REPUBLIKA.CO.ID, WELLINGTON -- Selandia Baru telah menjadi negara pertama di dunia yang memperluas larangan kantong plastik di supermarket menjadi kantong tipis, yang biasanya digunakan untuk menyimpan buah atau sayuran.
Langkah tersebut, yang mulai berlaku pada Sabtu (1/7/2023). Larangan kantong plastik untuk produk segar ini merupakan bagian dari kampanye pemerintah yang lebih luas melawan plastik sekali pakai.
Sebagian besar pembeli sudah membawa tas sendiri ke toko setelah kantong plastik sekali pakai dilarang pada 2019. Dalam beberapa tahun terakhir, banyak negara telah memberlakukan biaya atau larangan kantong plastik.
"Selandia Baru menghasilkan terlalu banyak sampah, terlalu banyak sampah plastik," kata Associate Menteri Lingkungan Hidup Rachel Brooking dilansir BBC, Senin (3/7/2023).
Dia menambahkan, lebih dari 1 miliar kantong plastik telah diselamatkan sejak larangan kantong plastik yang lebih tebal mulai berlaku pada 2019. Langkah baru ini diharapkan dapat mencegah penggunaan 150 juta kantong plastik per tahun.
Kritikus telah mengemukakan kekhawatiran bahwa pembeli mungkin hanya menempatkan belanjaan di kantong kertas sekali pakai, yang masih tersedia di supermarket. "Hal itu masih bisa dilakukan, tetapi kami benar-benar ingin mengurangi kemasan apa pun sekali pakai," kata Brooking.
"Jadi kami ingin orang-orang membawa tas sendiri dan supermarket menjual tas produksi yang dapat digunakan kembali," tambahnya.
Jaringan supermarket Countdown, yang mengoperasikan lebih dari 185 toko di seluruh Selandia Baru, telah mulai menjual tas jaring poliester yang dapat digunakan kembali. Perusahaan berharap ini akan mendorong pembeli untuk menggunakan tas yang dapat digunakan kembali untuk buah dan sayuran.

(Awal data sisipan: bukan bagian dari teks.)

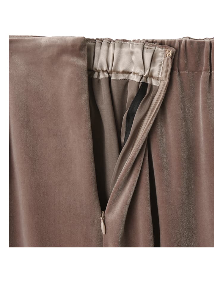 【不良品以外の返品・交換不可商品となります】素材の良さがオシャレさを格上げ。ラクちん・暖か・細見えペンシルスカート。日本製ならではの縫製と生地質感が美しい、ベロア生地のペンシルスカート。ピチピチとしないゆとりのあるサイズ感で、ストレッチも効いているため気負わずに穿くことができます。こちらの生地は抜群の穿き心地の良さで大好評をいただいていた【Made in JAPAN】ベロアリラックスタックパンツと同じ生地を使用しており、その生地のオシャレさも良さもお墨付き。ヘンにレトロ感が出たりパーティー感が出たりする古風なベロアではなく、日常使いに素敵な厳選質感のものを使用しています。ベロア生地は保温性も高く、厚みがそれほど無くても暖かく穿けるため、春先まで快適に使うことができます。【デザインや仕様について】◆適度にゆとりのある穿きやすいペンシルスカート。◆シンプルながらも素材の風合いにより雰囲気が出て、オシャレな印象を与える一枚。◆カジュアルにもキレイめにも使える着回し力の高いデザイン。スニーカーとの相性も◎◆よく伸びて動きやすく、大股歩きもOKな脚さばきの良さ。◆ふくらはぎが完全に隠れる丈感が基準。◆ウエスト背面ゴム仕様。◆左側裾にのみスリットあり。◆左わきにファスナーあり。◆裏地:あり◆ポケット:なし◆ベルトループ:なし◆手洗い:可能【生地について】◆適度に厚みはありつつ厚ぼったくはない、スッキリと穿けるスカート。◆光沢の強すぎない、自然で上品、控えめな光沢感のベロア生地。◆なめらかさの中に程よいハリ感を含有。肌当たりが良く穿き心地が快適、と大好評。◆よく伸びて動きやすい生地。◆シワ:基本的に気になりません◆毛羽立ち:基本的にはできません◆伸縮性:あり◆光沢感:程よくあり◆透け感:なし【お色について】※微起毛の光沢生地のため、光の当たり方や角度によって、部分的に明るい色に見えることがあります。そこが立体感を生み、またオシャレなポイントです。◆トープ:ベージュともブラウンとも異なりつつ、どちらの要素も含む中間的なニュアンスカラー。光によってはほんのりとピンク味が出ます。イエロー味はありません。【SNS用ハッシュタグ】#234594ストレッチベロアペンシルスカート(このハッシュタグでInstagramなどSNS内で検索をしますと、こちらをお持ちのお客様のご投稿があれば、簡単に見つけてご覧いただくことができます)通常販売価格:13,000円【販売理由:販売終了商品】【お客様へのお願い】メルカリ等、個人および法人販売サイトにおける転売目的でのご購入は、ご遠慮いただきますようお願いいたします。

"Kami tahu perubahan itu sulit dan (itu) akan memakan waktu cukup lama. Kami juga mendapati beberapa pelanggan marah," kata Kepala Bagian Keberlanjutan di Countdown Catherine Langabeer.
Pemerintah Selandia Baru telah membuat kemajuan dalam inisiatif lain untuk mengatasi perubahan iklim. Pada bulan Oktober, diusulkan untuk mengenakan pajak atas gas rumah kaca yang dihasilkan oleh hewan ternak seperti domba dan sapi. Skema pertama di dunia akan melihat petani membayar emisi pertanian dalam beberapa bentuk pada 2025. Industri pertanian negara menyumbang sekitar setengah dari emisinya.